Before joining Virgin Radio in 2000, Graham worked for a number of radio stations, at first for low pay and during the night.

| From | To | Station/Employer | Slot/Function |
|---|---|---|---|
| 01/1995 | 06/1995 | Choice 102.2 | Presenter 2 – 6 am |
| 08/1995 | 08/1996 | Power FM | Breakfast Show co-host Presenter of Early Breakfast 5 – 6 am |
| 08/1996 | 03/1998 | 96.4 The Eagle | Presenter 2 – 6 pm weekdays |
| 03/1998 | 11/1999 | Surf 107.2 | Breakfast Show DJ |
| 11/1999 | 03/2000 | Core DAB Radio | Presenter weekdays 2 – 7 pm |

===Virgin Radio===
Graham joined Virgin as a presenter on 28 April 2000. During her time with Virgin Radio, she presented a variety of shows: Virgin Radio UK Album Charts, Virgin Radio Party, Teenage Kicks, 80's Anthems, Smells like the 90's, The Classic Rock Show, The Late Show, Virgin Love and Weekend Breakfast.

She was the second presenter heard on Virgin's digital station Virgin Classic Rock at its launch in 2003.

===Absolute Radio===
Source:

Graham stayed after Virgin Radio was re-branded as Absolute Radio. She works both as a main presenter and a fill-in presenter.

She can be heard every weekday from 10 am to 10 pm across three stations: main station (from 10am till 1 pm); then Absolute 80s (from 1pm till 4pm) and Classic Rock station (from 7pm till 10 pm). On Saturday, she works from midday to 6 pm, first with Classic Rock station (till 4 pm) and finally 80s station.

On 9 January 2012, Graham took over the weekday 1 pm – 5 pm slot for three months on Absolute Radio following the departure of Nick Jackson until Andy Bush arrived at the station.

Graham currently broadcasts on Absolute Radio from 10am-1pm, Monday to Friday.

===Interviews===
At Absolute Radio Graham has interviewed rock star Alice Cooper, AC/DC lead singer Brian Johnson and vocalist of Free, Bad Company and Queen, Paul Rodgers.

== Voiceovers ==
Graham has recently set up her own Voice over production Company called High Voltage Media.

Graham has been the voice for BBC Radio One, BBC 5 LIVE, 95.8 Capital FM, The BOX, E4, Virgin Radio and Absolute Radio. She also contributes regularly for BBC1, ITV1 and SKY1 and narrates programmes for Channel 4. She is also known for her voice in movie trailers on Virgin Media TV.

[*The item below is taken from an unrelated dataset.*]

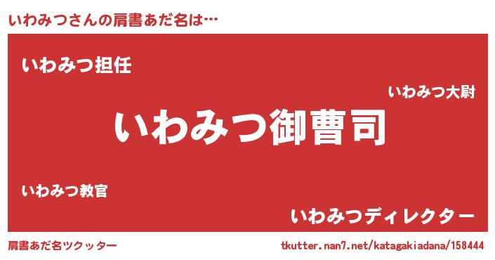 | 胡散臭い通販商品みたいなあだ名 | 『必ず成功する霊験あらたかなお札…その名も「いわみつ」』 |

More recently she started working with Orion Media to produce trailers for its stations BRMB, Mercia and Wyvern FM and is one of the voices of Canadian radio station 102.3 Now Radio in Edmonton.

== Awards ==
In 2010 Absolute Radio received a Bronze Sony Radio Academy Award in the category Best Station Imaging for its imaging package in which Graham was one of the major contributors as Absolute Radio's station voice.